Regularly audit access to the cluster

Who requires access is likely to change over time. Plan to periodically audit the aws-auth ConfigMap to see who has been granted access and the rights they've been assigned. You can also use open source tooling like kubectl-who-can, or rbac-lookup to examine the roles bound to a particular service account, user, or group. We'll explore this topic further when we get to the section on auditing. Additional ideas can be found in this article from NCC Group.

Alternative Approaches to Authentication and Access Management

While IAM is the preferred way to authenticate users who need access to an EKS cluster, it is possible to use an OIDC identity provider such as GitHub using an authentication proxy and Kubernetes impersonation. Posts for two such solutions have been published on the AWS Open Source blog:

Attention

EKS natively supports OIDC authentication without using a proxy. For further information, please read the launch blog, Introducing OIDC identity provider authentication for Amazon EKS. For an example showing how to configure EKS with Dex, a popular open source OIDC provider with connectors for a variety of different authention methods, see Using Dex & dex-k8s-authenticator to authenticate to Amazon EKS. As described in the blogs, the username/group of users authenticated by an OIDC provider will appear in the Kubernetes audit log.

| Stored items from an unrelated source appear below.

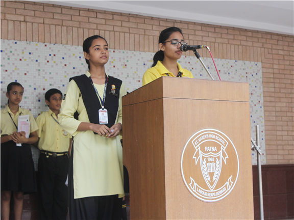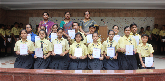 The grand occasion of council members ceremony took place on 7th July, 2017. Badges were handed over for the different posts to take care of the school disciple. The council members team was formed from the students of class – 5 and the monitor badges were given to the monitors of Std 6,7,8,9 and 10 by their respective class teachers during the morning assembly.The ceremony was presided by the Principal Mrs. Seema Singh and Vice Principal Mrs. Anjana James. It ended with an oath taking.
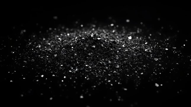 Amas de poudre de roche noire sur fond noir. Reflet métallique. texture de pierre.
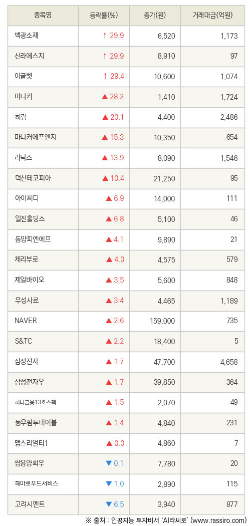 특히 백광소재는 전 거래일 대비 29.9% 오른 6,520원에 거래를 마감하여 높은 관심을 받았다. 이외에 고려시멘트는 4,655원까지 올라 신고가를 경신했으나, 전일보다 오히려 하락한 3,940원에 거래를 마감했다.
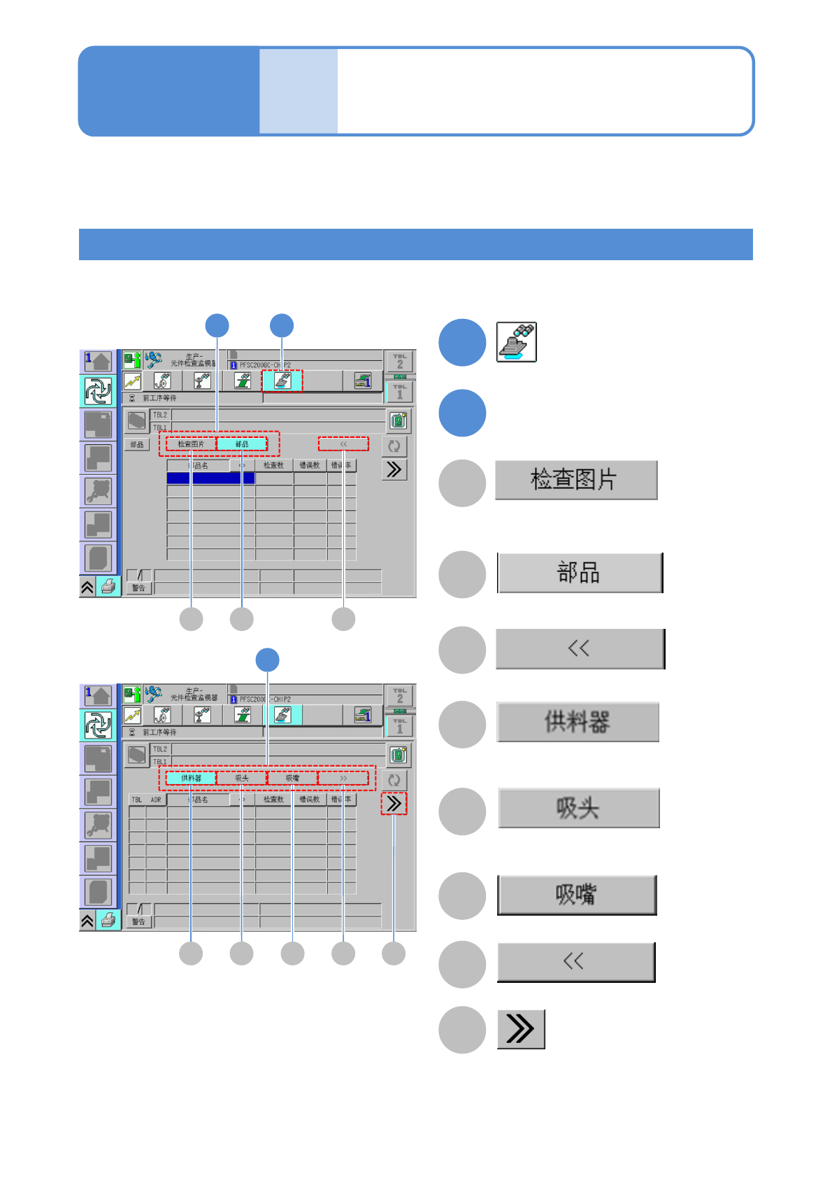 NPM-D3 EJM6DC-MB-04O-02 生产 4-4-3 -1 检查监视器 1 操作篇 4-4-3 在生产中画面或者生产信息菜单,以生产线整体或者 单体可以确认收集在 LNB 的错误信息。未连接 LNB 时,不 能显示信息。 1 A B 显示元件单位的检查结果信息。 C 显示下一页。 D 显示料架单位的检查结果信息。 E 显示检查头单位的检查结果信息。 2 选择表示项目 F 显示吸嘴单位的检查结果信息。 G 显示前一页。 H 显…

You can also use AWS SSO to federate AWS with an external identity provider, e.g. Azure AD. If you decide to use this, the AWS CLI v2.0 includes an option to create a named profile that makes it easy to associate an SSO session with your current CLI session and assume an IAM role. Know that you must assume a role prior to running kubectl as the IAM role is used to determine the user's Kubernetes RBAC group.

Additional Resources

rbac.dev A list of additional resources, including blogs and tools, for Kubernetes RBAC

Pods Identities

Certain applications that run within a Kubernetes cluster need permission to call the Kubernetes API to function properly. For example, the AWS Load Balancer Controller needs to be able to list a Service's Endpoints. The controller also needs to be able to invoke AWS APIs to provision and configure an ALB. In this section we will explore the best practices for assigning rights and privileges to Pods.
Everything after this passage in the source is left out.